Goal of the exercise: Please return the full listing word for word, leaving out any pictures.

Input data:
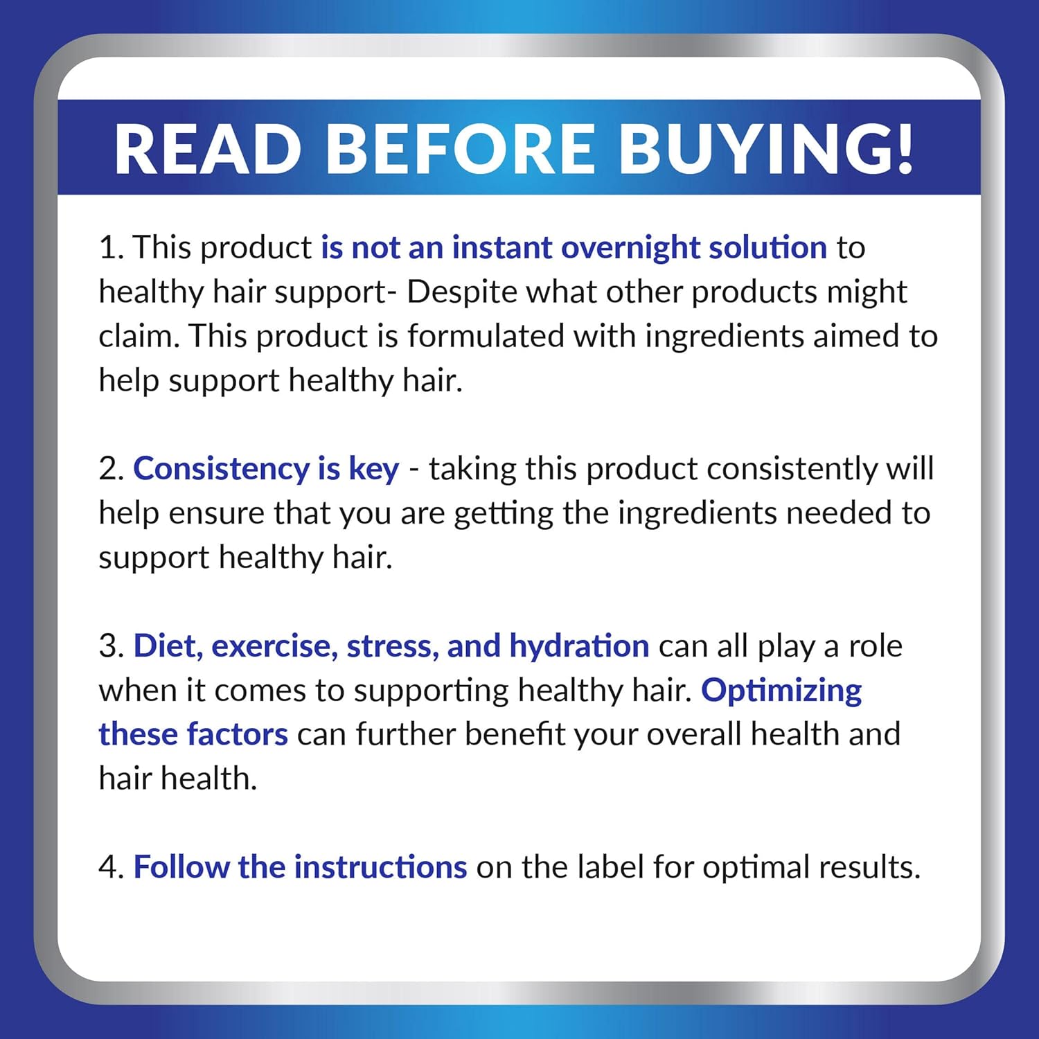 - Healthy Hair - Our Supplement is great for those who want to support healthy hair, skin & nails, and want to make a step in the right direction. Our Hair vitamins supplement comes with a convenient box! Perfect for Both Women and Men
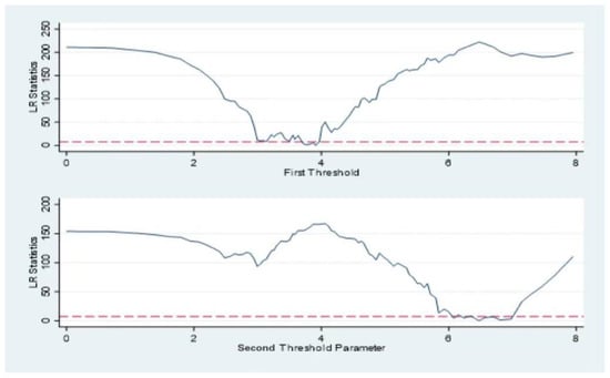 Table 13). The threshold was 3.666 and was significant at the 95% confidence interval [3.575, 3.756]. Next, the samples were divided into two groups for dynamic panel regression based on the threshold value 3.666 (
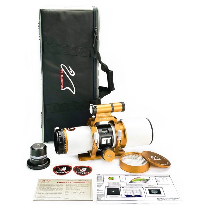 In addition to the Gran Turismo 81, this package also includes the William Optics Flat6AIII field flattener/reducer which provides 0.8x reduction, as well as the William Optics 32 mm UniGuide Finder Scope with a focal length of 120 mm and a focal ratio of f/3.75, which mounts onto the handle of the GT81.

Written solution:
 - Healthy Hair - Our Supplement is great for those who want to support healthy hair, skin & nails, and want to make a step in the right direction. Our Hair vitamins supplement comes with a convenient box! Perfect for Both Women and Men
 Table 13). The threshold was 3.666 and was significant at the 95% confidence interval [3.575, 3.756]. Next, the samples were divided into two groups for dynamic panel regression based on the threshold value 3.666 (
 In addition to the Gran Turismo 81, this package also includes the William Optics Flat6AIII field flattener/reducer which provides 0.8x reduction, as well as the William Optics 32 mm UniGuide Finder Scope with a focal length of 120 mm and a focal ratio of f/3.75, which mounts onto the handle of the GT81.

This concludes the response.